---------- Extracted material

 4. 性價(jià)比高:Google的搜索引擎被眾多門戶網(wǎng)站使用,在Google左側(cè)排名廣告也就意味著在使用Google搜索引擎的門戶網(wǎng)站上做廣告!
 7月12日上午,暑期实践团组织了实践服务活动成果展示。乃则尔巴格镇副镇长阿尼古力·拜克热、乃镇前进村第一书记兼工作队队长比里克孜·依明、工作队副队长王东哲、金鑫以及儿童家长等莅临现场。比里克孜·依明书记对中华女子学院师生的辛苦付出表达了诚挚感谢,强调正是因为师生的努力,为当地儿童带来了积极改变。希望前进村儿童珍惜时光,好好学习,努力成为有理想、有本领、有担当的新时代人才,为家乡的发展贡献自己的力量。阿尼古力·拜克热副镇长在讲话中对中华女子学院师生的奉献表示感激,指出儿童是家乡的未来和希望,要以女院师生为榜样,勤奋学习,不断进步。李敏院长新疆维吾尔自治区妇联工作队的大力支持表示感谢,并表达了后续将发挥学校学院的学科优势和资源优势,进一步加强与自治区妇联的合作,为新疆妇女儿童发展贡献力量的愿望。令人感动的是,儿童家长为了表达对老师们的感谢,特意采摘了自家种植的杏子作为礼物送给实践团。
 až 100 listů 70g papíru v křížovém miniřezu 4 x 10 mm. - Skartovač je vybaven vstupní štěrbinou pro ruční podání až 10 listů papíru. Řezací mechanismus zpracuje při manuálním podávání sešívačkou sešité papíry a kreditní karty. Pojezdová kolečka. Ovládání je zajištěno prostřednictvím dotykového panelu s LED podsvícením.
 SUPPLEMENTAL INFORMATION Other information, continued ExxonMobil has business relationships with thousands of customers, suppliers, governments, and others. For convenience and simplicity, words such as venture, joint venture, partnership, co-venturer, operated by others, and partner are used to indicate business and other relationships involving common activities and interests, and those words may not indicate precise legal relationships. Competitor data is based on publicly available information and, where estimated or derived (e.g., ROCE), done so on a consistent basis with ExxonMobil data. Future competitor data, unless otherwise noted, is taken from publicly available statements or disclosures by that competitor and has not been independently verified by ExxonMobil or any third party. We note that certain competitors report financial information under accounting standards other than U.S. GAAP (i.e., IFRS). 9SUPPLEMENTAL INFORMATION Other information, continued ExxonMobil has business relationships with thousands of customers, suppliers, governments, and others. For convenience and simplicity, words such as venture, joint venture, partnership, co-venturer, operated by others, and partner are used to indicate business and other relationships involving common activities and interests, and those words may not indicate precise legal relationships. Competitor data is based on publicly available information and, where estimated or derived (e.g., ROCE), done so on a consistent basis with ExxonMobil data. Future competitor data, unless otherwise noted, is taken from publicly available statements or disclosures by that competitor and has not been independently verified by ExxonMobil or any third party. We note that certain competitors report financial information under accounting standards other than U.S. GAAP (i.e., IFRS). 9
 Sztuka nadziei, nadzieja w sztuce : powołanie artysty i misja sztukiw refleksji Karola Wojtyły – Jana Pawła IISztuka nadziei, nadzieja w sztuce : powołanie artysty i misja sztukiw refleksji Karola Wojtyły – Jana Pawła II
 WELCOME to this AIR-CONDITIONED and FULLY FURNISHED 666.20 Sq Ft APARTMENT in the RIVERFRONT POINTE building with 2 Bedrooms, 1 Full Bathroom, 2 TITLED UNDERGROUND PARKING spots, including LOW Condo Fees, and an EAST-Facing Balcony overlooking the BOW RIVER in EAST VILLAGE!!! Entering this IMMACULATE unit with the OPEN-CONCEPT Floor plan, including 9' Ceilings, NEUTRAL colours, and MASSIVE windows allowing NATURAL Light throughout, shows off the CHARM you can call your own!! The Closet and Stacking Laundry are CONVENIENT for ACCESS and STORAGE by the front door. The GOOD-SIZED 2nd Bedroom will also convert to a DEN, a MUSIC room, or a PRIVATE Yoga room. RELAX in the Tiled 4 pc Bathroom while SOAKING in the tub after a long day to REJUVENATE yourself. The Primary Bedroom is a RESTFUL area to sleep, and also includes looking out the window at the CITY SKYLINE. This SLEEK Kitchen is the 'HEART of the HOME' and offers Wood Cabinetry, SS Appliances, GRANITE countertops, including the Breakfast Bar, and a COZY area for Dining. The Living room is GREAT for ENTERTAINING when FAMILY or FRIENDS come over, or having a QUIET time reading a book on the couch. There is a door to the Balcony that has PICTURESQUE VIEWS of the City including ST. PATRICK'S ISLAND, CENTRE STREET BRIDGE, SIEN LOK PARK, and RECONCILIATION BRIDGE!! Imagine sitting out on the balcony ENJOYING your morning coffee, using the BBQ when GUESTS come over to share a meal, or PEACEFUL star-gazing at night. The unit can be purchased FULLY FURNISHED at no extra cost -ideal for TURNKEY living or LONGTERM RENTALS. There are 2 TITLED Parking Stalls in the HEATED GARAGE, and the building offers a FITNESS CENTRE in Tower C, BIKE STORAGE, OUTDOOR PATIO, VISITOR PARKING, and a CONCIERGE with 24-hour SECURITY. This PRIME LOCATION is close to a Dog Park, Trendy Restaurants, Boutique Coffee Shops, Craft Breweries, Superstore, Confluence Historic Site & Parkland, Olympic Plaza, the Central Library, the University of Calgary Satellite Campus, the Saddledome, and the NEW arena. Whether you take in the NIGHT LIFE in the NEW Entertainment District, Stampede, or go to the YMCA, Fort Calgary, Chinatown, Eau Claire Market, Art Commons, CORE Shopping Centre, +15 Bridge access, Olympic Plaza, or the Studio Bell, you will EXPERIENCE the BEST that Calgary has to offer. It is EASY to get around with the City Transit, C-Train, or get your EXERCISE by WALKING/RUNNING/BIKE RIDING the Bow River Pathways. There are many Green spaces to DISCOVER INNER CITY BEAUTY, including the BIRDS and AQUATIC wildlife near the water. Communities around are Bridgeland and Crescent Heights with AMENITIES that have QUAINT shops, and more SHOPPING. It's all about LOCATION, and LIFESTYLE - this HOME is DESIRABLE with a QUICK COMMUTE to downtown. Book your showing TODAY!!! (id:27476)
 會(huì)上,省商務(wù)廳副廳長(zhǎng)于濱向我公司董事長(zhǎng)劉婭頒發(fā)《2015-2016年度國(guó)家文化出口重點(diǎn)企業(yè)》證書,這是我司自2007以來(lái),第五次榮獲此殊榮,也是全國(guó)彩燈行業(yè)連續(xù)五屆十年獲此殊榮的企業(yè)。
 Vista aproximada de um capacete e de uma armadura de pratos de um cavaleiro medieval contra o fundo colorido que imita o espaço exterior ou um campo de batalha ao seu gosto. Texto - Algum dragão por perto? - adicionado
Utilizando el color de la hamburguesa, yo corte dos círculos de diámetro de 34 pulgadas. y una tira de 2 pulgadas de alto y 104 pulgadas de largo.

--------------------
---------- Extracted material

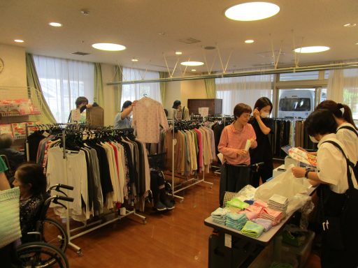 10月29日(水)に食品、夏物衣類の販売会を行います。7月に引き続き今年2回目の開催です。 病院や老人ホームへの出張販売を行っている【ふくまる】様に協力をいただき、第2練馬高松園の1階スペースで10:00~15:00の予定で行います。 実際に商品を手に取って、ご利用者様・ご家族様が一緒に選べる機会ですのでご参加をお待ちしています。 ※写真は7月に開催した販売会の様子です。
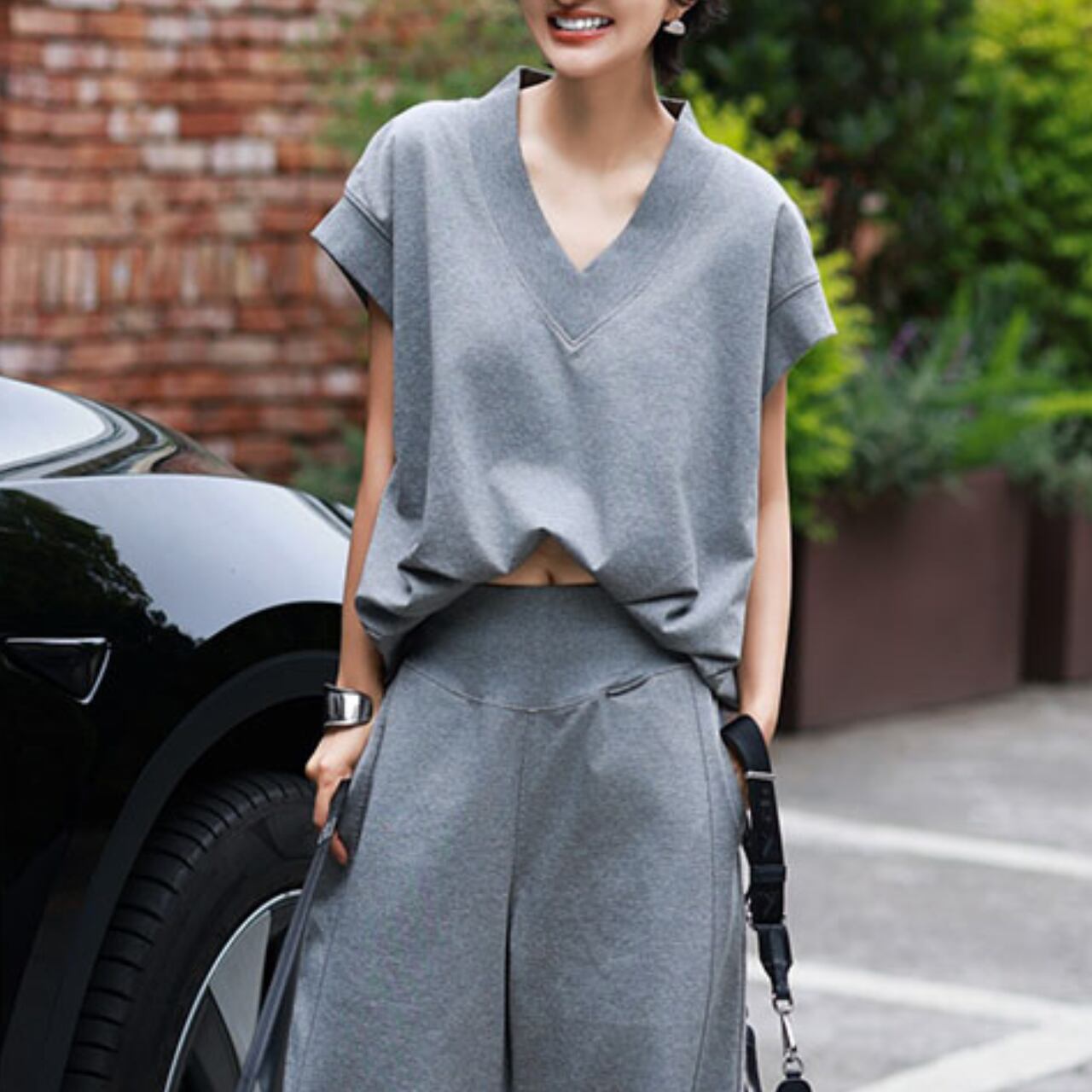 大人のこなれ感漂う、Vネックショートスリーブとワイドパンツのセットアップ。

--------------------

Look back at the entries above and repeat, unchanged, every line from the line holding "4. 性價(jià)比高:G" through the line holding "7月12日上午,暑期实践团组".

*Response to this exercise*:
 4. 性價(jià)比高:Google的搜索引擎被眾多門戶網(wǎng)站使用,在Google左側(cè)排名廣告也就意味著在使用Google搜索引擎的門戶網(wǎng)站上做廣告!
 7月12日上午,暑期实践团组织了实践服务活动成果展示。乃则尔巴格镇副镇长阿尼古力·拜克热、乃镇前进村第一书记兼工作队队长比里克孜·依明、工作队副队长王东哲、金鑫以及儿童家长等莅临现场。比里克孜·依明书记对中华女子学院师生的辛苦付出表达了诚挚感谢,强调正是因为师生的努力,为当地儿童带来了积极改变。希望前进村儿童珍惜时光,好好学习,努力成为有理想、有本领、有担当的新时代人才,为家乡的发展贡献自己的力量。阿尼古力·拜克热副镇长在讲话中对中华女子学院师生的奉献表示感激,指出儿童是家乡的未来和希望,要以女院师生为榜样,勤奋学习,不断进步。李敏院长新疆维吾尔自治区妇联工作队的大力支持表示感谢,并表达了后续将发挥学校学院的学科优势和资源优势,进一步加强与自治区妇联的合作,为新疆妇女儿童发展贡献力量的愿望。令人感动的是,儿童家长为了表达对老师们的感谢,特意采摘了自家种植的杏子作为礼物送给实践团。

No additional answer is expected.